____ Input data

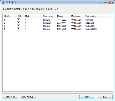 레코드 필터(Filter Records) 대화 상자를 표시하여 인쇄 매수를 설정합니다.
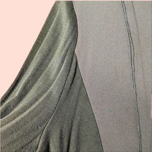 This smooth, soft cropped jacket could also be worn as a stand alone top. Many cool features including hidden brass asymmetrical zipper, contrasting textures and layers, decorative raw seaming, and a cowl type neck when fully zipped. Two front pockets are a bonus. Darker green knit sides. Super unique piece.
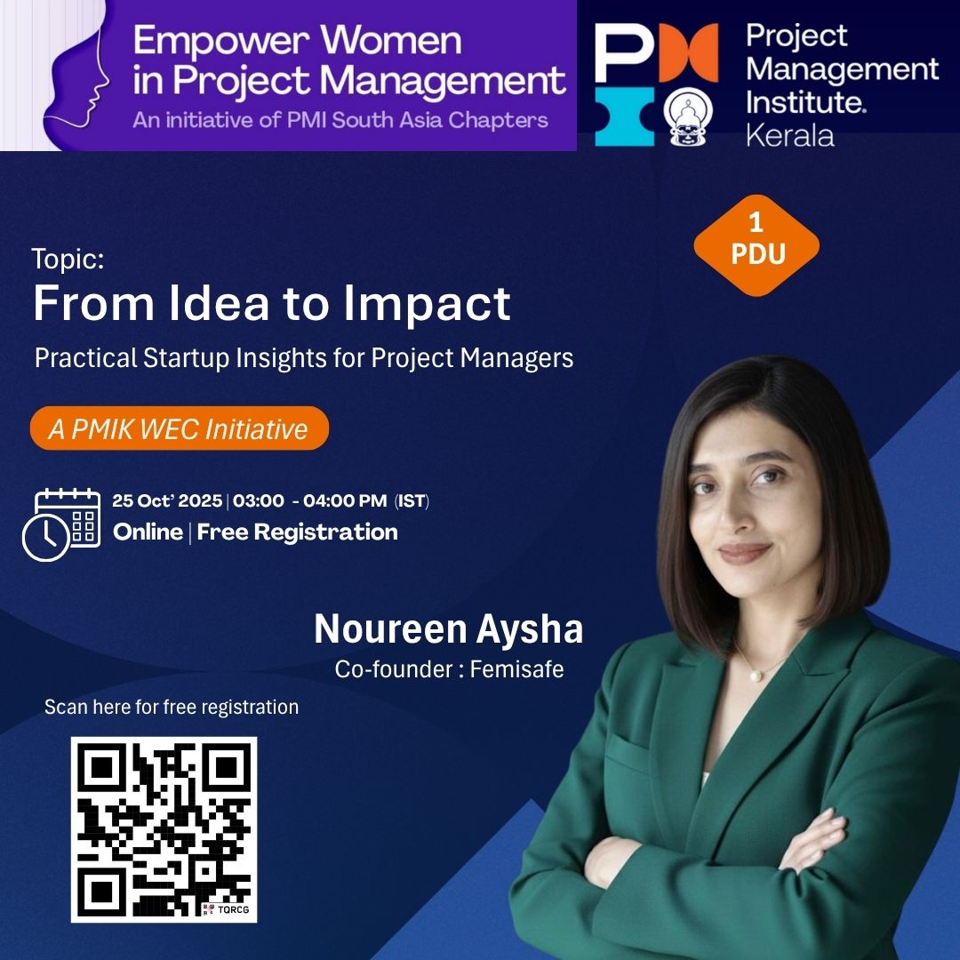 PMI Kerala chapter Women engagement committee is hosting a Entrepreneurship Awareness Session. This session will be handled by Noureen Aysha, Co-founder : Femisafe

________

→ Work task:
With the pictures left out, return the listing above exactly as it stands.

→ Answer space:
 레코드 필터(Filter Records) 대화 상자를 표시하여 인쇄 매수를 설정합니다.
 This smooth, soft cropped jacket could also be worn as a stand alone top. Many cool features including hidden brass asymmetrical zipper, contrasting textures and layers, decorative raw seaming, and a cowl type neck when fully zipped. Two front pockets are a bonus. Darker green knit sides. Super unique piece.
 PMI Kerala chapter Women engagement committee is hosting a Entrepreneurship Awareness Session. This session will be handled by Noureen Aysha, Co-founder : Femisafe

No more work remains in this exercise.